Whatever the link between nuclear architecture and regulation of gene expression is, it is an important but still poorly understood aspect of genome structure and function (O'Brien et al., 2003). Understanding its molecular basis will be essential if we want to understand the orchestration of gene expression in eukaryotes.
What therefore are the major questions that we must answer in order to begin to understand how the genome functions in the confined space of the cell nucleus? The most prominent one concerns the relationship between 3D chromatin structure and function. We lack information about the static and dynamic 3D arrangement of nucleosomes in different types of chromatin. It is attractive to start from the idea that chromatin can adopt a limited set of different spatial configurations reflecting different functional states and that gene regulation in part is due to the controlled switching between these defined states. This process appears to be closely related to histone modification and is ultimately encrypted in the DNA sequence itself.
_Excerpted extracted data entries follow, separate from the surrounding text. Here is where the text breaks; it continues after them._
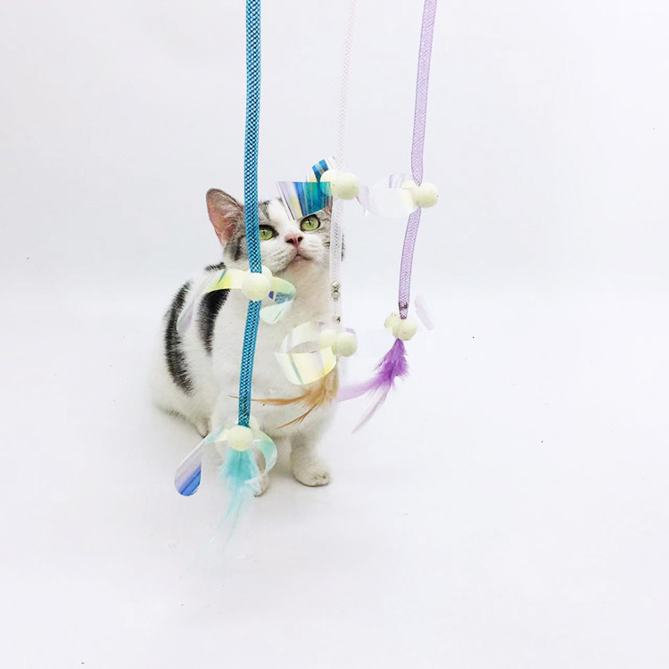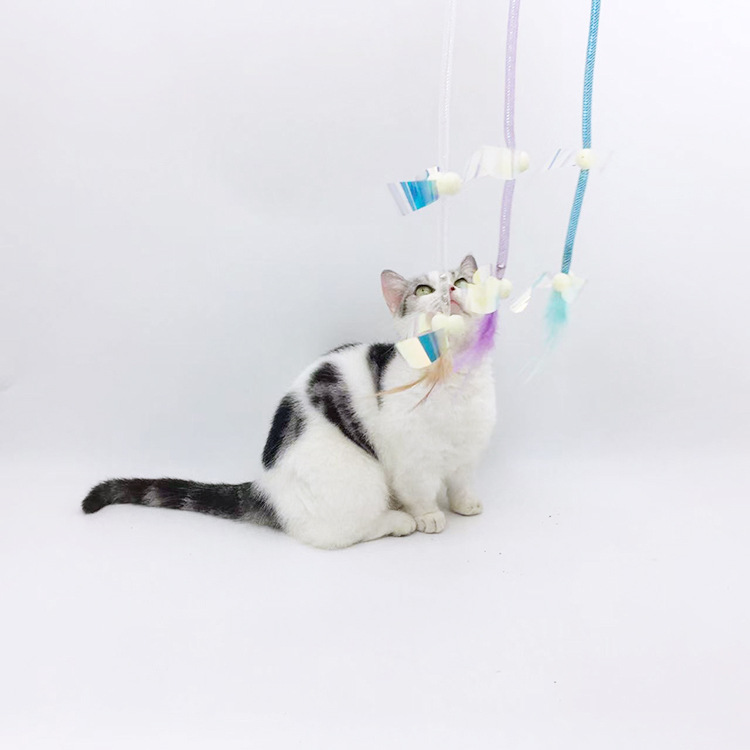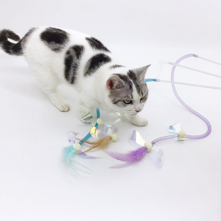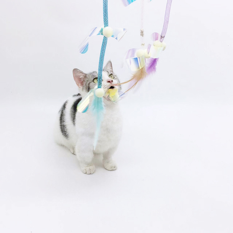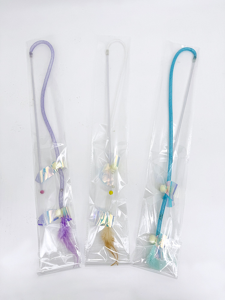 星智猫厂家长杆手持逗猫棒弹力网管毛绒羽毛铃铛亮片猫玩具耐啃咬
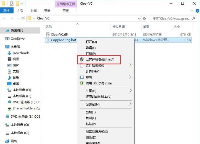 3、打开文件夹,在CopyAndReg.bat上单击右键,选择以管理员身份运行即可开始清理系统中旧版本VC的一些残留文件。
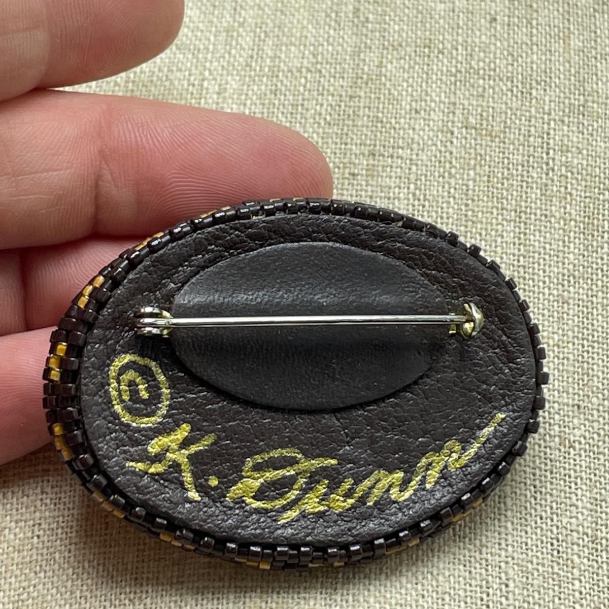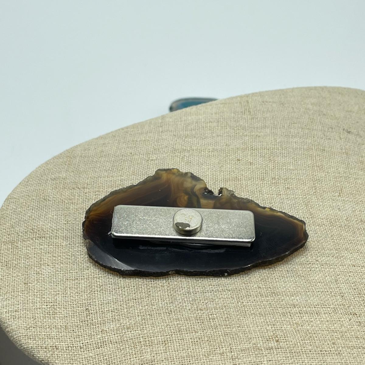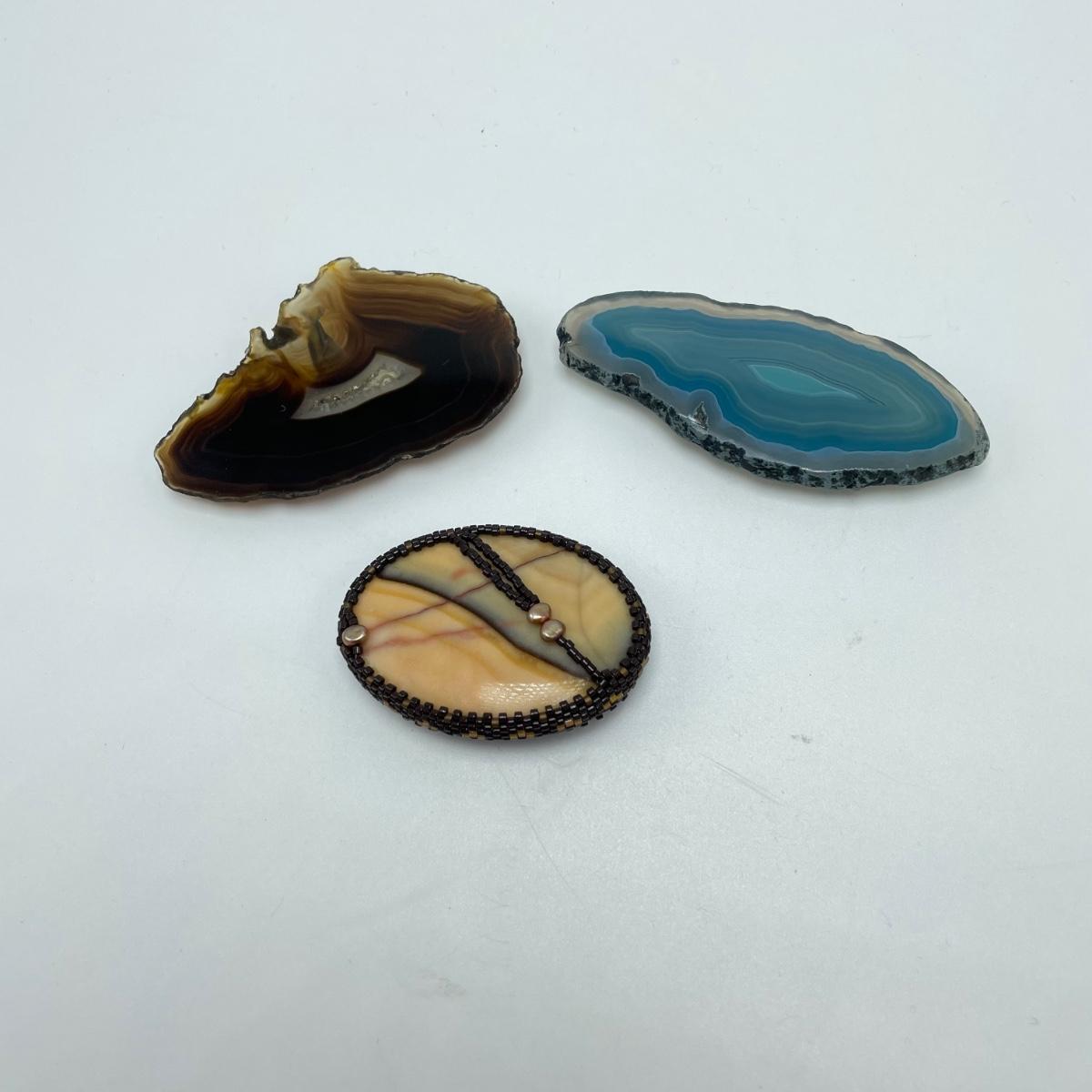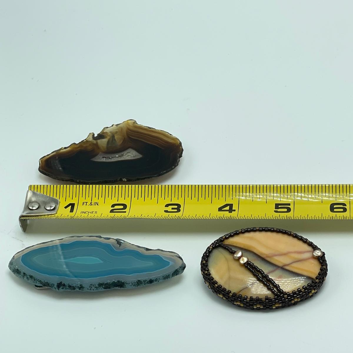 Three stunning brooches, one with a beaded border and K Dunn signature. This brooch is missing it’s clasp to securely close. The other two geode like are magnetic, leaving no pin holes in shirts. See images. Shipping available.
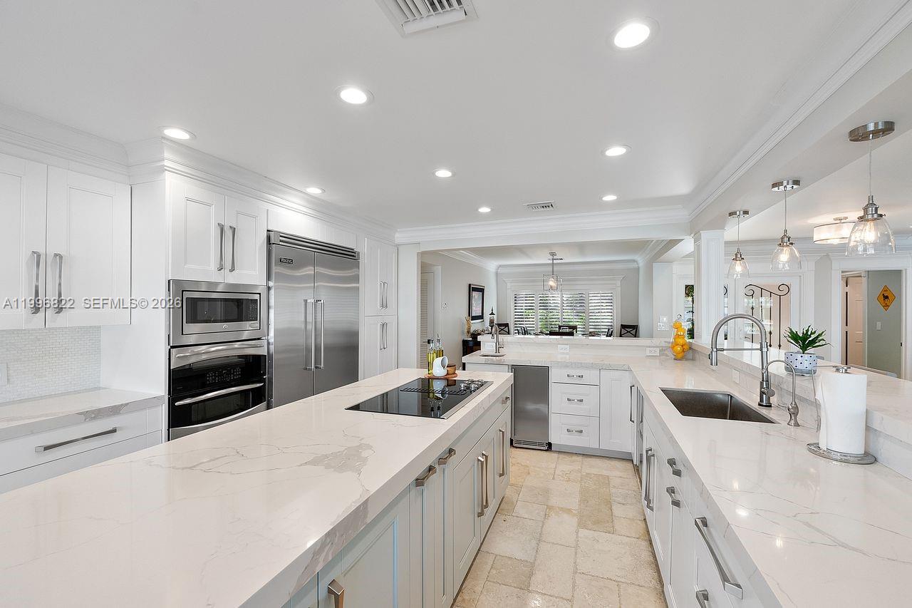 Rare opportunity to own a beautifully renovated deepwater estate home on prestigious Lake Placid in Lighthouse Point. The residence offers 80' of water frontage & direct 7 minute ocean access w/no fixed bridges, a true boater’s dream. Spanning 4, 100+SF under air, this exceptional 5-bedroom (2 primary suites) + office, 5. 5-bath pool home blends elegance & comfort with tumbled travertine flooring, an open family room with real fireplace & built-ins, a designer chef’s kitchen featuring quartz countertops, island seating, beverage refrigerator, ice maker, & extensive custom cabinetry. Cable railing staircase opens to loft area. Expansive 2nd fl primary suite is a private retreat with dual en-suite bathrooms, spa tub, walk-in closets, flex office/den & a balcony overlooking the waterway. Multiple additional bedrooms offer en-suite baths and flexible living options, including a junior suite with direct patio access. Enjoy South Florida living at its finest with a resort-style backyard featuring a saltwater pool with waterfall, covered patio, lush tropical landscaping, and outdoor shower. The new concrete dock is equipped with batter piles, two boat lifts (27, 000lb & 7, 000lb), 60-amp service, and is perfectly positioned for ultra-quick boating access—only 7 minutes to the ocean. Additional features include impact windows and doors, newer roof (2020), 2 AC systems, 2 tankless water heaters, surveillance & security system, epoxy garage floors & circular driveway for 8+ cars.
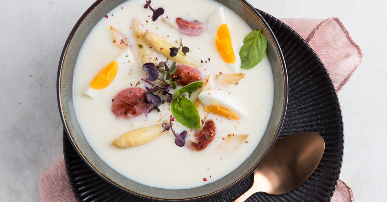 Ouăle se curăță de coajă și se taie în opt bucăți. Supa se pasează fin, se rafinează cu smântână, sare, piper și nucșoară măcinată și se servește cu amestecul de cârnați salsiccia și sparanghel, precum și, după gust, cu germeni de ridiche roșie și câteva frunzulițe de busuioc presărate deasupra.
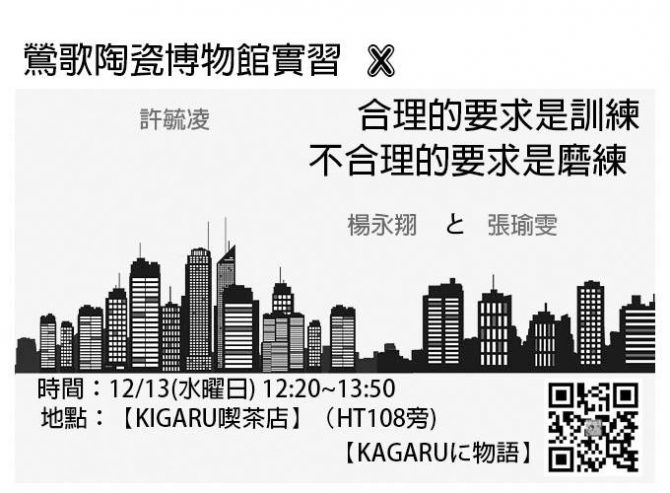 【Kigaru に物語】本學期最後一場分享,壓軸來啦!! 本學期的最後一場重頭戲 我們邀請沈宏達學長為我們分享那些「學校沒教的事」~ 學長在大學期間不僅為日文系壘球隊的重要成員, 也曾在在學期間得到辯論比賽冠軍! 踏出職…
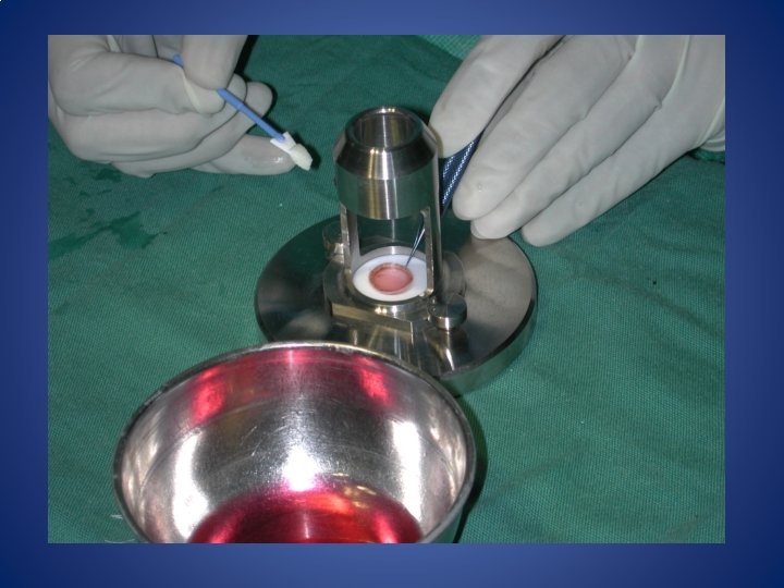 • Excision of donor cornea • It should always precede that of the host. Donor tissue is prepared by trephining a previously excised corneoscleral button, endothelial side up in a concave Teflon block • Alternatively, the donor may be trephined from the intact donor globe having first injected air or viscoelastic substance into the anterior chamber • The donor button is usually about 0. 25 mm larger in diameter than the planned diameter of the host opening, to facilitate watertight closure, minimize postoperative flattening and reduce the possibility of postoperative glaucoma

Chromatin structure must be studied in the living cell, since it probably changes dramatically if the cell is disrupted. A breakthrough has been the development by Belmont and coworkers of methods for GFP tagging of specific genomic sites (Belmont, 2001). As the spatial resolution of light microscopy is approaching the size of a few nucleosomes, there is hope that detailed information about chromatin structure can be obtained in the next few years (Esa et al., 2000; Kano et al., 2002).
We also need quantitative models of genome function that link transitions between defined structural and functional chromatin states to protein binding and histone modification. Such models should constitute a critical guide for rational experiments, whose results can be fed back into the model. Finally, we urgently need tools to manipulate nuclear organization. This should allow us to rearrange chromatin and chromosomes and interfere with the assembly or function of nuclear domains and subsequently establish the effects on gene expression. Clearly, we first have to learn more about which proteins and possibly RNA molecules are essential for nuclear organization and chromatin structure. Subsequently, they can become targets for experiments that interfere with nuclear structure and function.
The authors acknowledge the financial support by several grants from the biological branch (ALW) of the Dutch research council NWO for research on nuclear structure and function.